New England Patriots
- Title: Offensive coordinator

Personal information
- Born: April 22, 1976 (age 50) Barberton, Ohio, U.S.

Career information
- Position: Wide receiver
- High school: Canton McKinley (OH)
- College: John Carroll (1995–1998)

Career history
- Michigan State (1999) Graduate assistant; New England Patriots (2001–2008); Personnel assistant (2001); ; Defensive assistant (2002–2003); ; Quarterbacks coach (2004–2005); ; Offensive coordinator & quarterbacks coach (2006–2008); ; ; Denver Broncos (2009–2010) Head coach; St. Louis Rams (2011) Offensive coordinator & quarterbacks coach; New England Patriots (2012–2021) Offensive coordinator & quarterbacks coach; Las Vegas Raiders (2022–2023) Head coach; New England Patriots (2025–present) Offensive coordinator;

Awards and highlights
- 6× Super Bowl champion (XXXVI, XXXVIII, XXXIX, XLIX, LI, LIII); NFL Assistant Coach of the Year (2025);

Head coaching record
- Regular season: 20–33 (.377)
- Coaching profile at Pro Football Reference

= Josh McDaniels =

American football coach (born 1976)

Joshua Thomas McDaniels (born April 22, 1976) is an American professional football coach who is the offensive coordinator for the New England Patriots of the National Football League (NFL). He has served as the offensive coordinator of the Patriots for 14 non-consecutive seasons. Outside of his Patriots tenure, McDaniels was the head coach of the Denver Broncos from 2009 to 2010 and the Las Vegas Raiders from 2022 to 2023.

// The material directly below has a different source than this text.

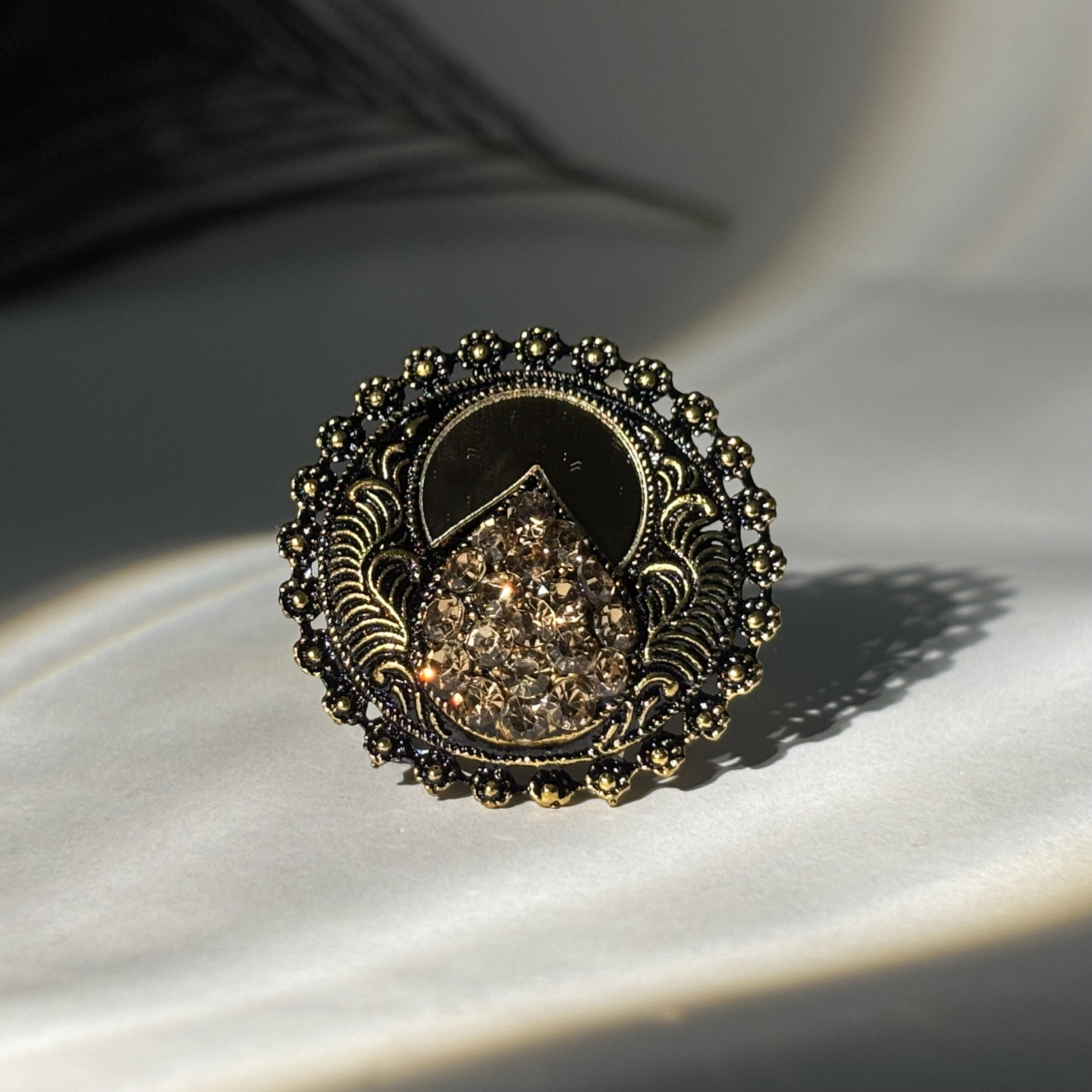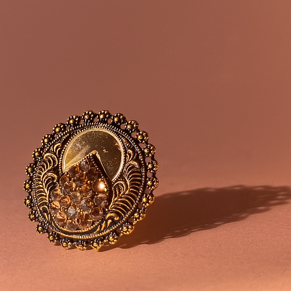 Elegant gold-plated antique ring with sparkling crystals and intricate design. Adjustable fit, perfect for weddings, parties, and ethnic occasions. A timeless jewelry piece for women.

During McDaniels' first stint as New England's offensive coordinator from 2006 to 2008, the team set the season record for points scored and became the first team to win all 16 regular season games in 2007. In his second stint from 2012 to 2021, the Patriots won three Super Bowl titles. McDaniels rejoined New England a third time in 2025, winning AP NFL Assistant Coach of the Year the same season.

==Playing career==
Recruited out of Canton McKinley High School by Greg Debeljak, McDaniels attended John Carroll University, where he played football mostly as a wide receiver from 1995 to 1998. Although a quarterback in high school, McDaniels lost out at that position at John Carroll to Nick Caserio, who joined the Patriots staff in 2001 (the same year as McDaniels). His other teammates at John Carroll included London Fletcher, formerly a linebacker with the St. Louis Rams, Buffalo Bills, and Washington Redskins as well as Brian Polian, the former head coach at the University of Nevada-Reno, Jerry Schuplinski, the New York Giants quarterbacks coach, Tom Telesco, former general manager of the Las Vegas Raiders and Dave Ziegler, Telesco's predecessor as general manager of the Raiders.

==Coaching career==
===Michigan State===
McDaniels began his coaching career as a senior graduate assistant at Michigan State University in 1999 under Nick Saban, parlaying his dad's friendship with Saban. After assisting Michigan State, McDaniels moved to Cleveland and worked as a plastics sales representative.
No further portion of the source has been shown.